Once the line with "Вязаная шапка со снежинками" is found in the data, output it and each following line exactly, up to and including the line with "(서울=뉴스1) 황기선 기자", and nothing before or after.

**Stored data**
* * * * *

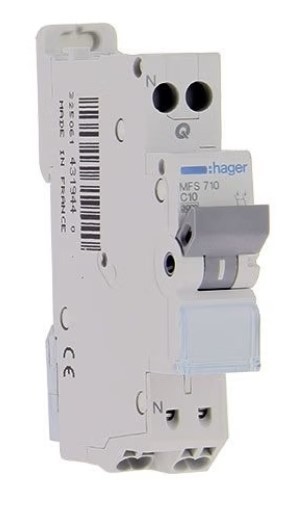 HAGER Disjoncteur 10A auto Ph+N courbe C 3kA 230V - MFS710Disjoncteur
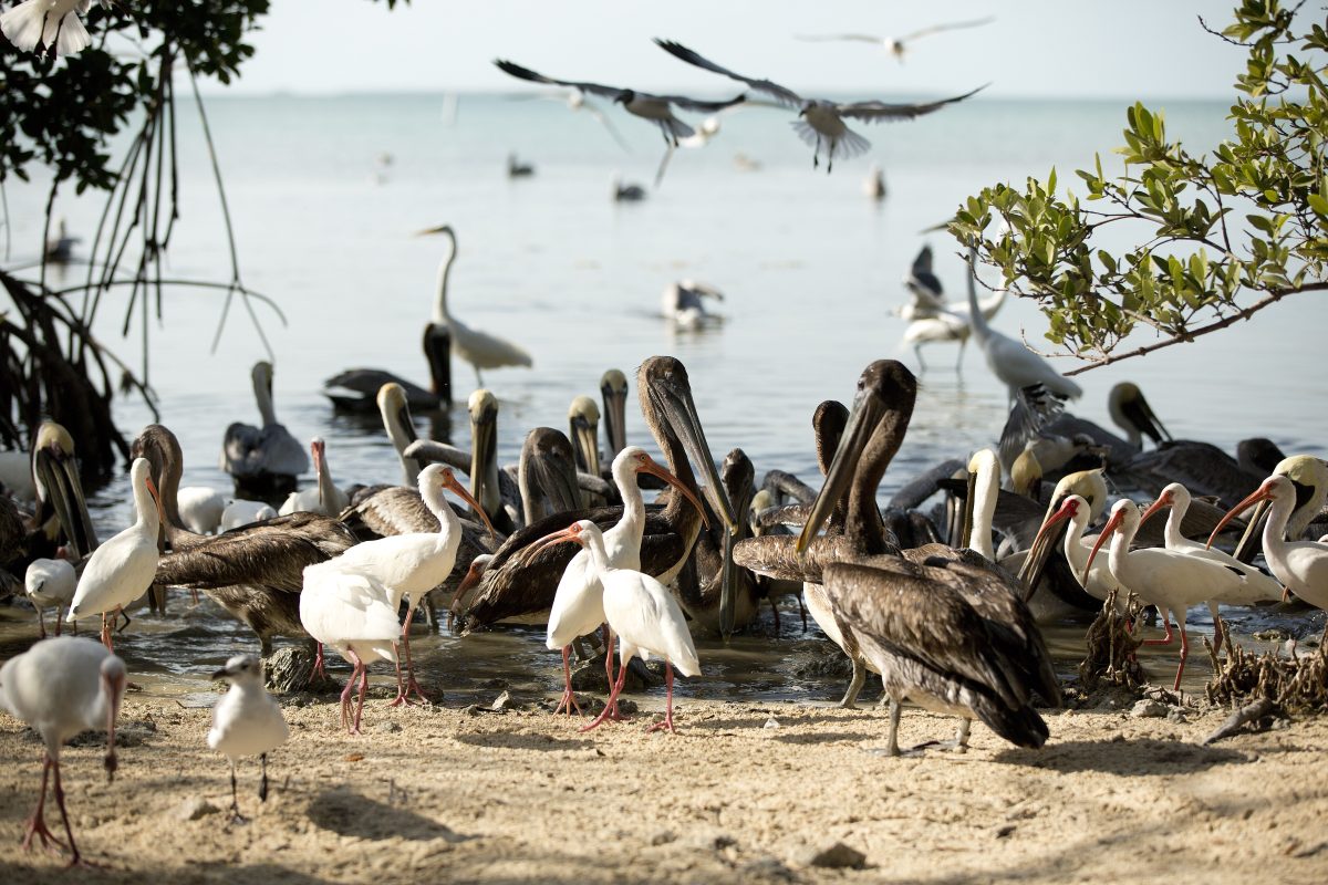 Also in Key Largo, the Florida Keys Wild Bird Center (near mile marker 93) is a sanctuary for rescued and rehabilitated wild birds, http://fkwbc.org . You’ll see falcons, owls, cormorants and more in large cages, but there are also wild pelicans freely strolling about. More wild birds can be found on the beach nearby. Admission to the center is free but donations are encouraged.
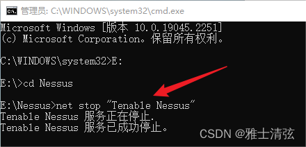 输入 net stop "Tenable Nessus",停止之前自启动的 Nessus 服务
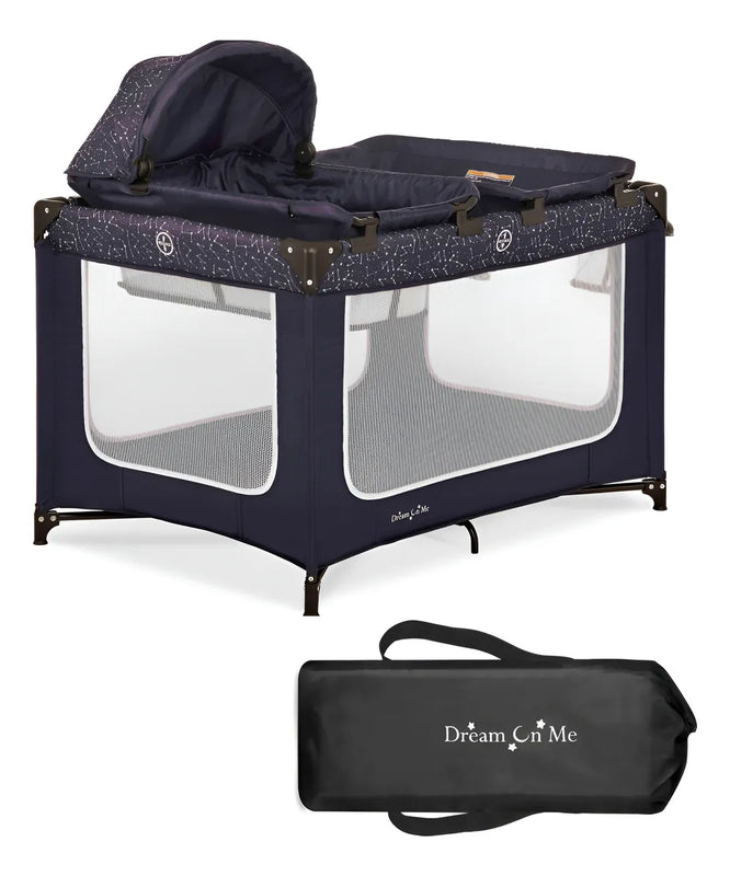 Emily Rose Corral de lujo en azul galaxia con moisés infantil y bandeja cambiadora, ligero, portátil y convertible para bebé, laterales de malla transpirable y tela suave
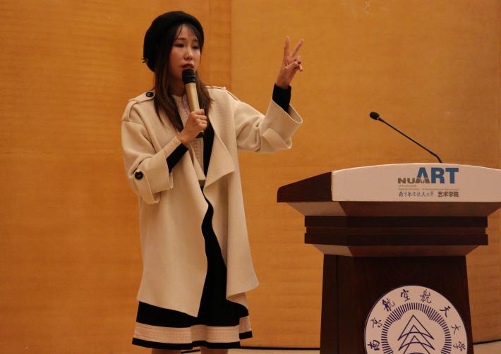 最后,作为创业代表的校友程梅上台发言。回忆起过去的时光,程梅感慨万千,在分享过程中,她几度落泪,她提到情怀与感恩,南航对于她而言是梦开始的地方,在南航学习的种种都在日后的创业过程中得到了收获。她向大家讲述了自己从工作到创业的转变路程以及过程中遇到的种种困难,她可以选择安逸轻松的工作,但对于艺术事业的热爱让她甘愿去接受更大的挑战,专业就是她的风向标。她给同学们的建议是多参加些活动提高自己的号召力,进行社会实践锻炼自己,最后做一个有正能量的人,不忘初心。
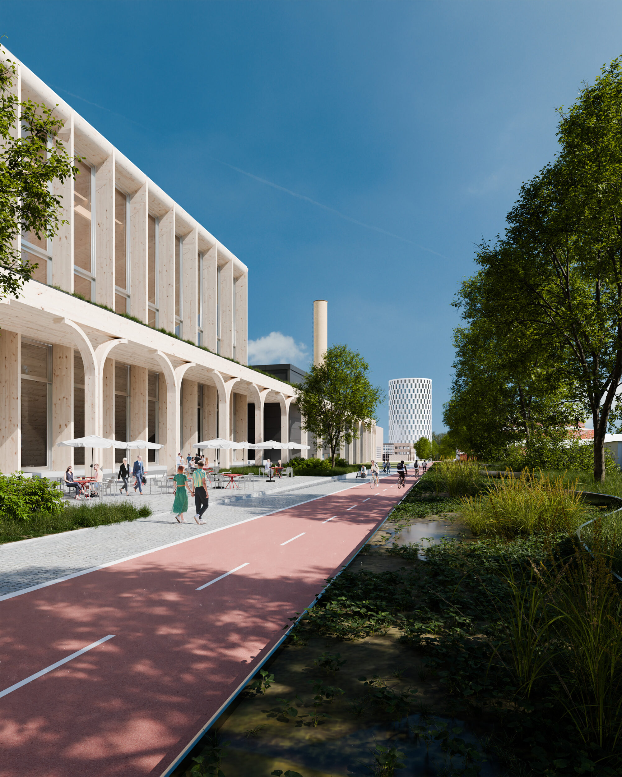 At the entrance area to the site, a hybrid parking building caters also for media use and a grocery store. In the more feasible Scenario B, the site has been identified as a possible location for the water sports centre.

* * * * *

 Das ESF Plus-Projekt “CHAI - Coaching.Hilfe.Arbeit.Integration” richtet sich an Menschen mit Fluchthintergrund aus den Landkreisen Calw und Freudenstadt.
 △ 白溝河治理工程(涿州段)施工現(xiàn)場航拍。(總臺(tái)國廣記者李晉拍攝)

* * * * *

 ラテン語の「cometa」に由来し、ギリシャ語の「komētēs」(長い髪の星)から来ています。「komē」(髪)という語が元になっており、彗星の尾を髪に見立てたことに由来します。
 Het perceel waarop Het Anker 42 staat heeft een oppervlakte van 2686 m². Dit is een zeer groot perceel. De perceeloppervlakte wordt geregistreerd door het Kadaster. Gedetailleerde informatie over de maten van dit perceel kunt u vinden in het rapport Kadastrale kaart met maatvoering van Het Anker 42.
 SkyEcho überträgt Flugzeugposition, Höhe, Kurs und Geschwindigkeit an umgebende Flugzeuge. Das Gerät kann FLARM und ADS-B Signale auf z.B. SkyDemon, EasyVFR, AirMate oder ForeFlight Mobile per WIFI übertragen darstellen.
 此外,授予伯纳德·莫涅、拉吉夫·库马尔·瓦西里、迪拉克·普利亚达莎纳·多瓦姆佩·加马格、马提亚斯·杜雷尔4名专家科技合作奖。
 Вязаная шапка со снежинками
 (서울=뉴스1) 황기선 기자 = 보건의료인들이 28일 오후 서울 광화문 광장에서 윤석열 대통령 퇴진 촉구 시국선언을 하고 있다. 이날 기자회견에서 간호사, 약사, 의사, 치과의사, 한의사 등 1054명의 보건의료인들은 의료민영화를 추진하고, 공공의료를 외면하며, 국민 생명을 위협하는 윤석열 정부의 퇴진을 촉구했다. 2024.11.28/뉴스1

* * * * *

**Task solution**
 Вязаная шапка со снежинками
 (서울=뉴스1) 황기선 기자 = 보건의료인들이 28일 오후 서울 광화문 광장에서 윤석열 대통령 퇴진 촉구 시국선언을 하고 있다. 이날 기자회견에서 간호사, 약사, 의사, 치과의사, 한의사 등 1054명의 보건의료인들은 의료민영화를 추진하고, 공공의료를 외면하며, 국민 생명을 위협하는 윤석열 정부의 퇴진을 촉구했다. 2024.11.28/뉴스1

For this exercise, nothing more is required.